Недалеко от Марга дорога кольцами, как змея, ползла вверх на гору.

Адолб торопился попасть в Марг до захода солнца, пока городские ворота были еще открыты. Но на повороте Аттила вдруг остановил своего коня и, перегнувшись, стал смотреть вниз, в долину. Адолб рассердился и начал браниться. Аттила обернулся, он ничего не сказал, но его глаза прошли сквозь Адолба как железо. Адолб разинул рот и замолк.

Внизу в долине остановился римский отряд, солдаты строили лагерь.

Аттила смотрел на них. Через два часа там вырос маленький четырехугольный город, черные среди зелени земляные валы кругом, ровные белые улицы палаток. Аттила не шевельнулся, не оторвал глаз, пока все не было кончено, только тогда он тронул поводья и поехал. Солнце уже спрятало голову, от него остался только распущенный по небу хвост из красных перьев. Когда подъехали к Маргу, ворота были заперты. У Адолба глаз стал злой, круглый, он хотел сказать Аттиле, что это из-за него они опоздали, но посмотрел на него и ничего не сказал: он почувствовал, что не смеет, и сам удивился этому, когда понял.

Утром выехали из Марга. Каменная дорога, бежавшая от самого Рима через поля, реки, горы,– здесь кончилась. Конские копыта теперь ударяли мягко, под ногами был уже не камень, а земля, степь. Она лежала под солнцем, теплая, влажная. Сверху, будто из солнца, ручьями лились жаворонки. Тугой ветер летел, пел во рту. Аттила глотал его ртом, ноздрями, всем телом. Он раскраснелся, глаза у него блестели, он снова стал мальчиком.
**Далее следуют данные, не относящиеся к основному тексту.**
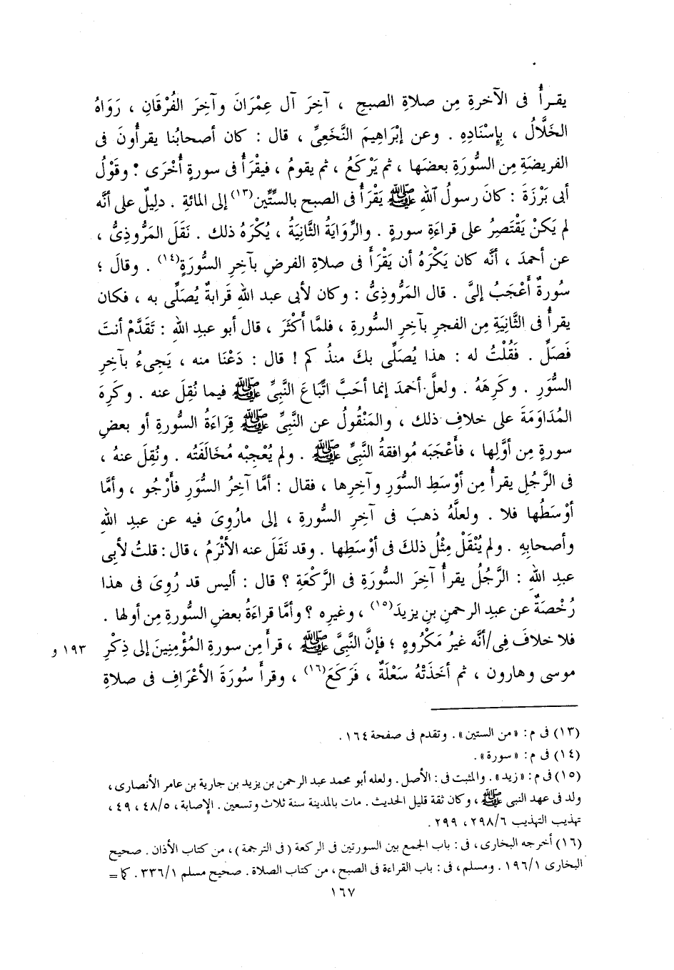 يقرأُ فى الآخرةِ مِن صلاةِ الصبحِ، آخِرَ آل عِمْرَانَ وآخِرَ الفُرْقَانِ، رَوَاهُ الخَلَّالُ، بِإِسْنَادِهِ. وعن إبْرَاهِيمَ النَّخَعِىِّ، قال: كان أصحابُنا يقرأُونَ في الفريضَةِ مِن السُّورَةِ بعضَها، ثم يَرْكَعُ، ثم يقومُ، فيقْرَأُ في سورةٍ أُخْرَى. وقَوْلُ أبى بَرْزَةَ: كانَ رسولُ اللهِ -صلى اللَّه عليه وسلم- يَقْرَأُ في الصبح بالسِّتِّين (١٣) إلى المائةِ. دلِيلٌ على أنَّه لم يَكنْ يَقْتَصِرُ على قراءَةِ سورةٍ. والرِّوَايَةُ الثَّانِيَةُ، يُكْرَهُ ذلك. نَقَلَ المَرُّوذِيُّ، عن أحمدَ، أنَّه كان يَكْرَهُ أن يَقْرَأَ في صلاةِ الفرضِ بآخِرِ السُّورَةِ (١٤). وقالَ؛ سُورةٌ أُعجَبُ إلىَّ. قال المَرُّوذِيُّ: وكان لأبي عبد اللهِ قَرابةٌ يُصَلِّى به، فكان يقرأُ في الثَّانِيَةِ مِن الفجرِ بآخِرِ السُّورةِ، فلمَّا أَكْثَرَ، قال أبو عبدِ اللهِ: تَقَدَّمْ أنتَ فَصَلِّ. فَقُلْتُ له: هذا يُصَلِّى بكَ منذُ كم! قال: دَعْنَا منه، يَجِىءُ بآخِرِ السُّوَرِ. وكَرِهَهُ. ولعلَّ أحمدَ إنما أحَبَّ اتِّباعَ النَّبِيِّ -صلى اللَّه عليه وسلم- فيما نُقِلَ عنه. وكَرِهَ المُدَاوَمَةَ على خلافِ ذلك، والمَنْقُولُ عن النَّبِيِّ -صلى اللَّه عليه وسلم- قِرَاءَةُ السُّورةِ أو بعضِ سورةٍ مِن أوَّلِها، فأَعْجَبَه مُوافقةُ النَّبِيِّ -صلى اللَّه عليه وسلم-. ولم يُعْجِبْه مُخَالَفَتُه. ونُقِلَ عنهُ، في الرَّجُلِ يقرأُ مِن أوْسَطِ السُّوَرِ وآخِرِها، فقال: أمَّا آخِرُ السُّوَرِ فأَرجُو، وأمَّا أوْسَطُها فلا. ولعلَّهُ ذهبَ في آخِرِ السُّورةِ، إلى ما رُوِىَ فيه عن عبدِ اللهِ وأصحابِهِ. ولم يُنْقَلْ مِثْلُ ذلكَ في أوْسَطِها. وقد نَقَلَ عنه الأثْرَمُ، قال: قلتُ لأبِى عبدِ اللهِ: الرَّجُلُ يقرأُ آخِرَ السُّورَةِ في الرَّكْعَةِ؟ قال: أليس قد رُوِىَ في هذا رُخْصَةٌ عن عبدِ الرحمنِ بنِ يزيدَ (١٥)، وغيرِه؟ وأمَّا قراءَةُ بعضِ السُّورةِ مِن أولها. فلا خلافَ فِي أنَّه غيرُ مَكْرُوهٍ؛ فإنَّ النَّبِيَّ -صلى اللَّه عليه وسلم-، قرأَ مِن سورةِ المُؤْمِنِينَ إلى ذِكْرِ موسى وهارون، ثم أخَذَتْهُ سَعْلَةٌ، فَرَكَعَ (١٦)، وقرأَ سُورَةَ الأعْرَافِ في صلاةِ
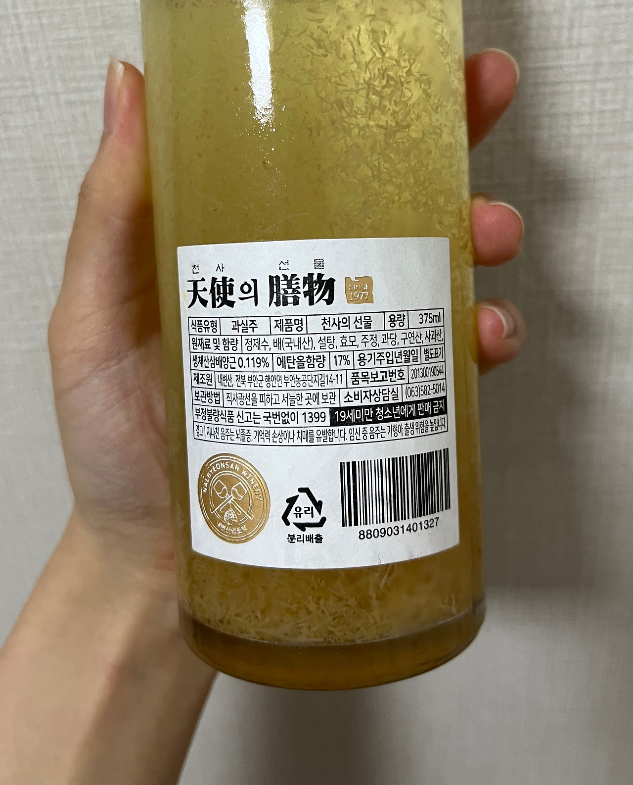 내가 이 술을 가져온 것은 새로운 술을 찾아 온라인 마켓을 뒤지던 중 우연히 한 사이트에서 상당히 눈에 띄었기 때문이었다. '천사의 선물'이라는 이름도 그렇지만, 겉모습 역시 한국적이면서도 아름다워 스크롤을 내리던 나의 손가락을 순식간에 멈추게 만들었다. 외관과 명칭, 거기에 산삼과 배를 넣은 꽤나 매력적인 조합까지. 아마 대부분의 술을 좋아하는 사람이라면 이 한국적인 술을 보고서 그냥 지나치기는 힘들 것이다.
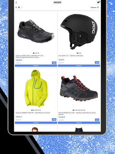 Besuche auch den SHOP, unseren Online-Shop für Sportausrüstung und Sportbekleidung der aktuellen Saison. Alle Produkte im SHOP sind auf Lager und können innerhalb von 48 Stunden versendet werden. Salomon, Asics, The North Face, Columbia, Mizuno... alle deine Lieblingsmarken und alle neuen Produkte sind direkt auf der App verfügbar !
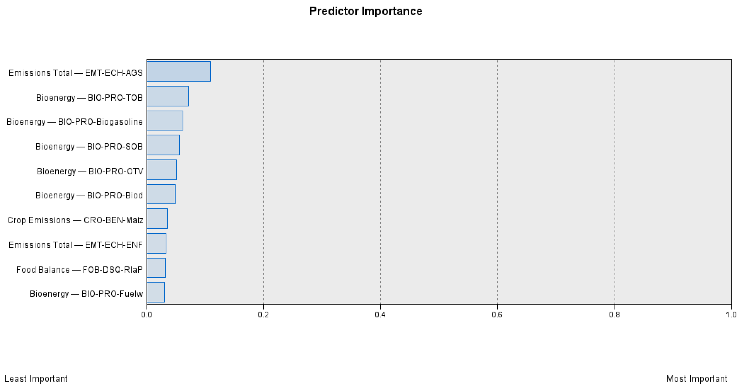 The most important predictors for bioenergy consumption in 2023. Note: Emissions Total EMT-ECH-AGS (emissions CH4-agrifood systems, kt); Bioenergy BIO-PRO-TOB (total bioenergy production, Tj); Bioenergy BIO-PRO-Biogasoline (bioenergy production-biogasoline, Tj); Bioenergy BIO-PRO-SOB (bioenergy production-solid biofuels, Tj); Bioenergy BIO-PRO-OTV (bioenergy production-other vegetal material and residues, Tj); Bioenergy BIO-PRO-Biod (bioenergy production-biodiesel, Tj); Crop Emissions CRO-BEN-Maiz (burning crop residues-emissions N2O-maize, kt); Emissions Total EMT-ECH-ENF (emissions CH4-enteric fermentation, kt); Food Balance FOB-DSQ-RIaP (domestic supply quantity-rice and products, 1000 t); Bioenergy BIO-PRO-Fuelw (bioenergy production-fuelwood, Tj).
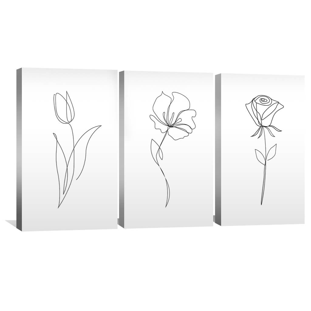 Give any open wall in your home a tasteful touch of glamour with this painting print. This canvas showcases line art of beautiful flowers.
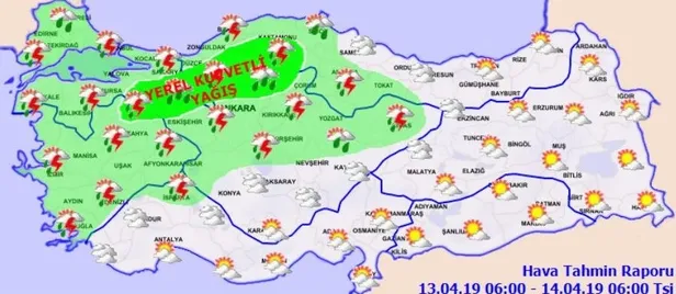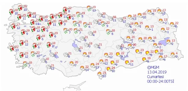 13 Nisan 2019 Cumartesi son dakika hava durumu tahminleri... Meteoroloji Genel Müdürlüğü'nün internet sitesi üzerinden yayınlanan raporlarda bugün bir çok il için sağanak yağış uyarısında bulunuldu. Vatandaşlara; sel, su baskını, yıldırım, ani ve kuvvetli rüzgarlar konusunda uyarı yapıldı. Peki İstanbul, Ankara ve İzmir'de bugün hava nasıl olacak? İşte 13 Nisan 2019 Cumartesi Türkiye geneli hava durumu...
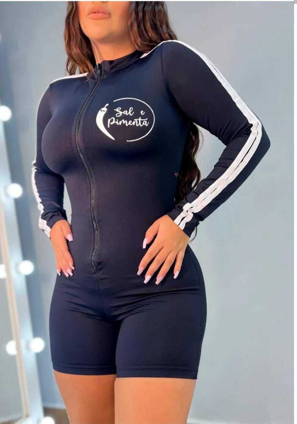 Macacão curto Manga longa com Ziper Moda Gringa Estilo Shein
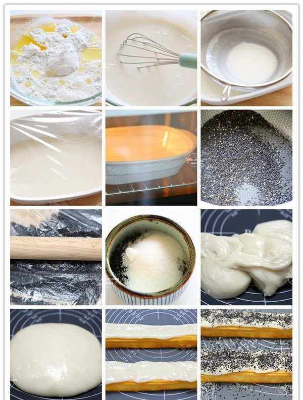 原料:油条数条,糯米粉100克,白糖30克,生粉20克,玉米油20克,纯牛奶130毫升,黑芝麻20克
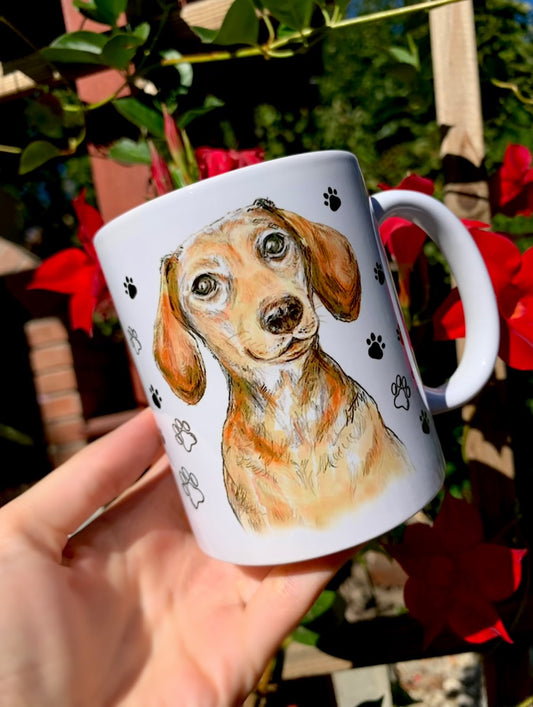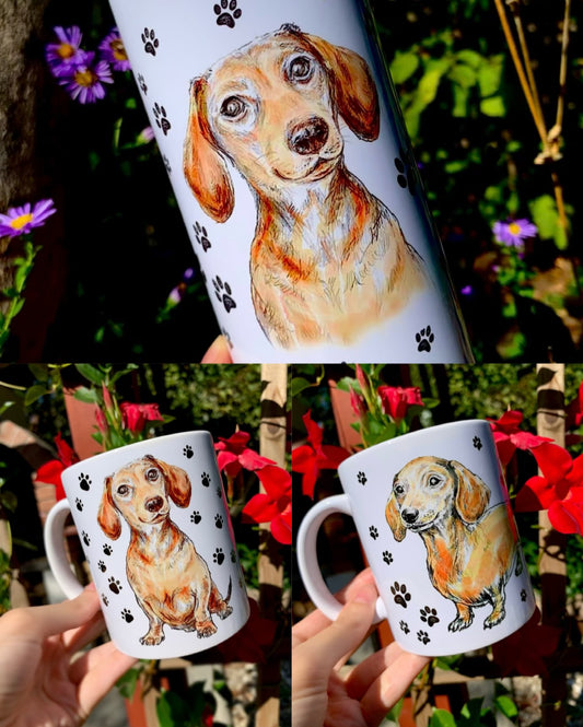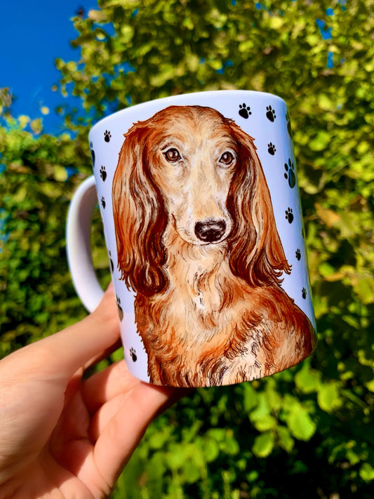 Long haired dachshund mug - Hosszúszőrű Tacskó bögre - Mancsokkal - Kerámia

На всем скаку он, держась ногами, повис под брюхом лошади, сорвал пук травы и замахал им, оглядываясь на Адолба.

В полдень они проехали между двух столбов, на столбах были деревянные головы с висячими медными усами. Запахло конским навозом, рекой, дымом. Внизу, на берегу, кипел торг, хлопали бичи, лошади ржали. Недалеко от столбов стояла кузница. Сзади нее, под глиняной желтой стеной, Аттила увидел несколько человек: повесив пояса на шею и спустив штаны, они сидели на корточках и неторопливо разговаривали. В Риме Аттила совсем забыл про это, а сейчас мгновенно вспомнил, что много раз видел это в детстве. Он засмеялся так громко, что Адолб удивленно посмотрел на него. «Да смотри же, смотри!» – Аттила показал пальцем на сидевших под кузницей. Он захлебывался от смеха, от счастья, что узнал своих людей, свою землю, но у него не было слов, чтобы объяснить это Адолбу. Адолб так и не понял. Он озабоченно, как наседка высматривающая ястреба, одним глазом смотрел вдаль: кто знает, что там ждет их?

Огромный круглый зал был полон, не было ни одного свободного места.

Сотни глаз, не отрываясь, следили за каждым движением великого Язона. Он был в одной шелковой тунике, шелк был алого цвета – чтобы на нем не видно было пятен крови.

На мраморном столе перед Язоном лежала женщина, обнаженная до пояса.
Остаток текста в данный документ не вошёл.